Chomp Raises $3.6M to Turn Anonymous Q&A into Valuable Data

The anonymous social prediction game Chomp has closed a $3.6 million funding round. The investment was co-led by Jsquare and Blueyard, with participation from Accomplice, Big Brain Holdings, and several other venture firms. The capital will fuel product development and expand the use cases for its unique data output.

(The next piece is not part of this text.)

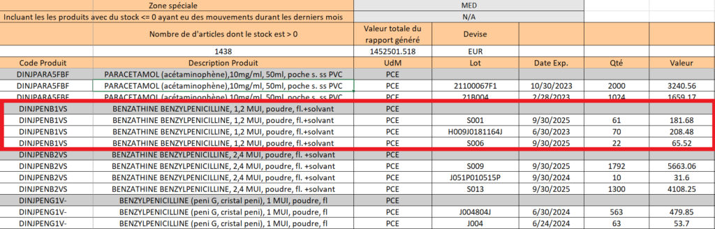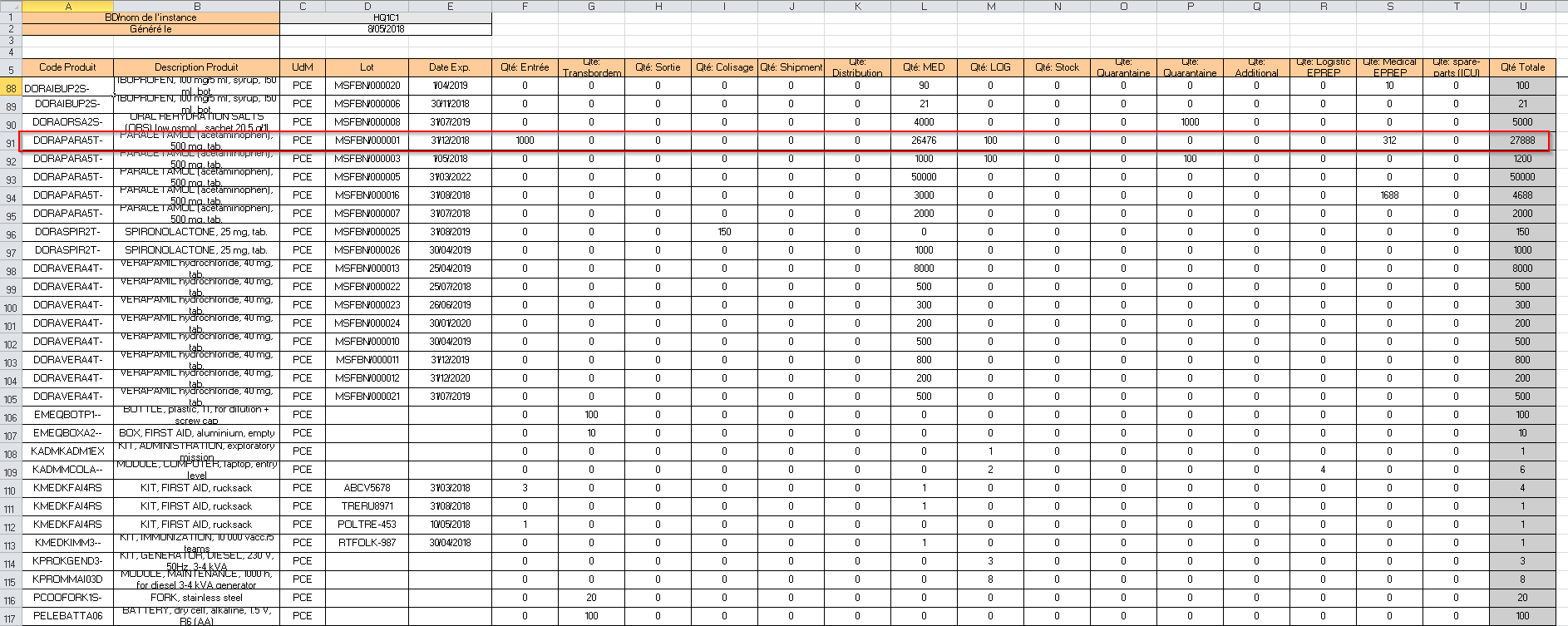 Si un produit n’est pas géré par lot, une seule ligne apparait pour ce produit et les colonnes Lot/Date Exp (numéro de lot/date de péremption) sont vides.

Gameplay: Revealing Personal and Collective Perspectives

At its core, Chomp is built on anonymous questions and predictions. Users answer prompts and then guess how others will respond. This creates a revealing feedback loop where players can see the gap between their own assumptions and the actual opinions of the crowd.

This “predict-and-check” mechanic transforms entertainment into a lighthearted social experiment. It continuously highlights the discrepancies between individual perception and group consensus.

Beyond Play: Data as a Core Asset

What sets Chomp apart is its treatment of gameplay data as a primary resource. All interactions are anonymized and richly contextualized, forming a distinctive dataset of human perspectives.

The team sees dual applications for this information:

  • For Consumer Insights: It captures candid preferences and attitudes that people might not share openly, offering researchers a more authentic view than traditional surveys.
  • For AI Development: This contextual, comparative human judgment data serves as high-quality training material for language models, helping AI better understand nuance and subjectivity.

Team and Trajectory

Chomp’s founder and CEO, Kiko, previously served as COO at the decentralized exchange Orca, bringing operational expertise to the venture. The team’s vision extends beyond creating an engaging app—it aims to pioneer a sustainable, gamified model for generating useful data.

With new funding secured, Chomp plans to enhance its data infrastructure, strengthening the link between its consumer-facing game and its enterprise data potential. This investment underscores growing market interest in innovative data collection methods and high-context AI training datasets.